_Dataset content_
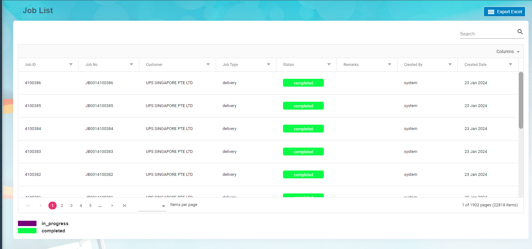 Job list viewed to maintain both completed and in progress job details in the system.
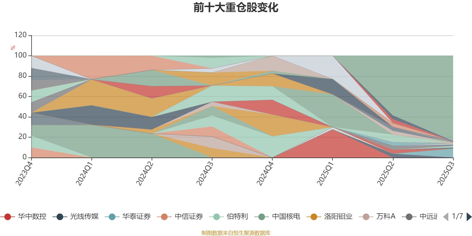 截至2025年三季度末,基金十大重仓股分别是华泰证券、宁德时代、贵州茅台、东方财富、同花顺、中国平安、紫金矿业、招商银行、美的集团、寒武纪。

--

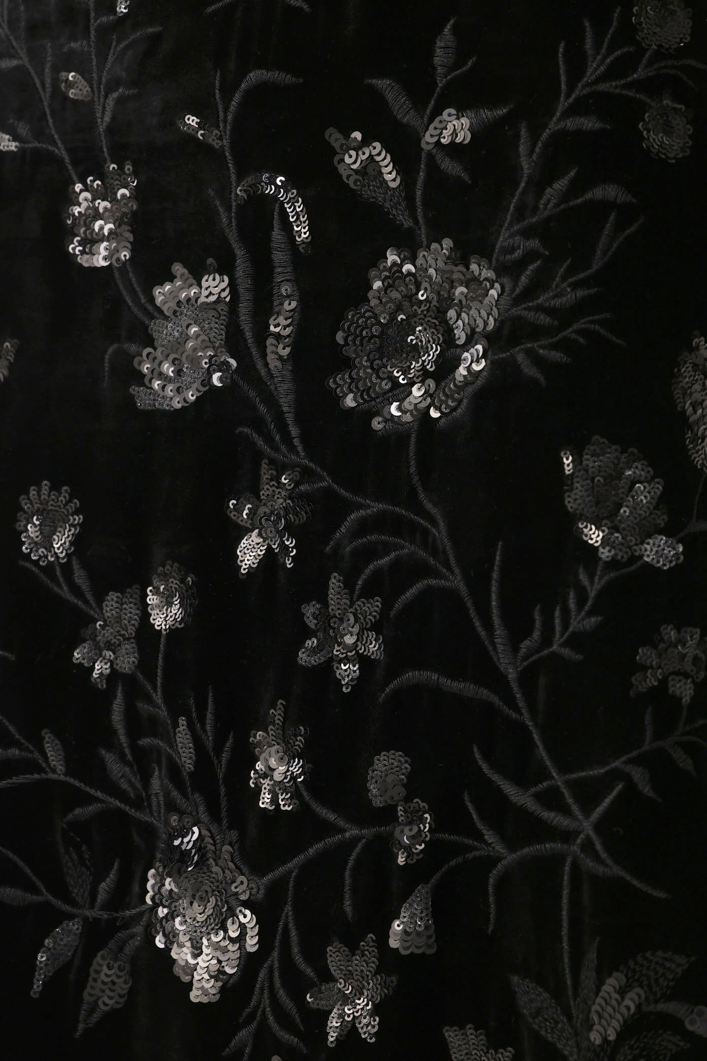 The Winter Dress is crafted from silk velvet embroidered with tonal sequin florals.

_Work instructions_
In the entries above, which lines run from the one with "Job list viewed" up to and including the one with "截至2025年三季度末,基金"? Write them out exactly, without the pictures.

_Problem solution_
 Job list viewed to maintain both completed and in progress job details in the system.
 截至2025年三季度末,基金十大重仓股分别是华泰证券、宁德时代、贵州茅台、东方财富、同花顺、中国平安、紫金矿业、招商银行、美的集团、寒武纪。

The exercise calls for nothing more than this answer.